I can compile the interpreter if I remove the interpreter switch from it. Which means we can maybe try to locate the problematic construction that is causing it. Maybe some goto or so...

pavel-krivanek commented 1 year ago

I found the problem. The issue is definition of VM_LABEL, if I defined it in interp.c as #define VM_LABEL(foo) ((void)0), then the interpreter compiles without other issues.

pavel-krivanek commented 1 year ago

I was able to, at least, build it now. With very little modifications. It is able to start the VM (without image). When built with pthread, it requires special serving because of security restrictions.

image

pavel-krivanek commented 1 year ago

This is how it fails now when trying to run an image.

image

The generated function setMaxOldSpaceSize is compiled as unreachable code but the other module (client.c) is anyway trying to call it.

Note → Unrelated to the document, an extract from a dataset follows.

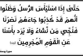 “حتى إذا استيأس الرسل وظنوا أنهم قد كُذِبوا جاءهم نصرنا”

pavel-krivanek commented 1 year ago

Status update

With the previous problem solved, it currently fails on the heap allocation

[ERROR] 2023-04-14 11:08:36.000 error (./src/debug.c:45):Failed to allocate memory for the heap
Paro.js:791** Uncaught RuntimeError: Aborted(native code called abort())
    at abort (pharo.js:791:10)
    at _abort (pharo.js:4626:2)
    at error (pharo.wasm:0x23b3)
    at allocateHeap (pharo.wasm:0xab09b)
    at readImageNamed (pharo.wasm:0xa8371)
    at loadPharoImage (pharo.wasm:0x17f6)
    at vm_init (pharo.wasm:0x16f5)
    at runVMThread (pharo.wasm:0x1f3a)
    at runOnMainThread (pharo.wasm:0x1ec8)
    at vm_main_with_parameters (pharo.wasm:0x1e2b)
pavel-krivanek commented 1 year ago

If you want to play with it, I recommend to install into Chrome the "C/C++ DevTools Support (DWARF)". It is not enough to install it, it must be enabled in Experiments, see: https://developer.chrome.com/blog/wasm-debugging-2020/

Then, you get an usable debugging environment.

image

Chrome Developers
Debugging WebAssembly with modern tools - Chrome Developers
Step-by-step overview of the new debugging experience for WebAssembly in Chrome DevTools.
pavel-krivanek commented 1 year ago

The problem is that the memory allocation using mmap the VM uses is not WASM friendly. The following code (extracted use case) is working in native code but not in WASM (returns MAP_FAILED)

#include <stdio.h>
#include <sys/mman.h>

#define MAP_PROT(PROT_READ | PROT_WRITE)
#define MAP_FLAGS(MAP_ANON | MAP_PRIVATE)

int main(void)
{
    void *heap;
    unsigned int desiredBaseAddressAligned = 0x20000000;
    unsigned int heapLimit = 4456448;

    printf("Allocating...\n");

    printf("MAP_FAILED: %u\n", (unsigned int) MAP_FAILED);

    heap = mmap((void*) desiredBaseAddressAligned, heapLimit, MAP_PROT, MAP_FLAGS, -1, 0);
    printf("Result:     %u\n", (unsigned int) heap);

    printf("Finished\n");

    return 0;
}
syrel commented 1 year ago

Something along these lines might work: (taken from https://github.com/maenu/opensmalltalk-vm/tree/wasm-1)

#ifdef EMSCRIPTEN
    char *allocSpacer;
#endif

    address = (char *)roundUpToPage((unsigned long)minAddress);
    bytes = roundUpToPage(size);
    delta = max(pageSize,1024*1024);

#ifdef EMSCRIPTEN
    // take it or leave it
    alloc = mmap(0, bytes, PROT_READ | PROT_WRITE /*| PROT_EXEC*/,
                 MAP_ANON | MAP_PRIVATE, -1, 0);
    if (alloc == MAP_FAILED) {
        mmapErrno = errno;
        return 0;
    }
    *allocatedSizePointer = bytes;
    return alloc;
#else
GitHub
GitHub - maenu/opensmalltalk-vm at wasm-1
Cross-platform virtual machine for Squeak, Pharo, Cuis, and Newspeak. - GitHub - maenu/opensmalltalk-vm at wasm-1
pavel-krivanek commented 1 year ago

if the desiredBaseAddressAligned is 0 as in the Squeak, the allocation passes. The question is, how much the VM design relies on it. @guillep?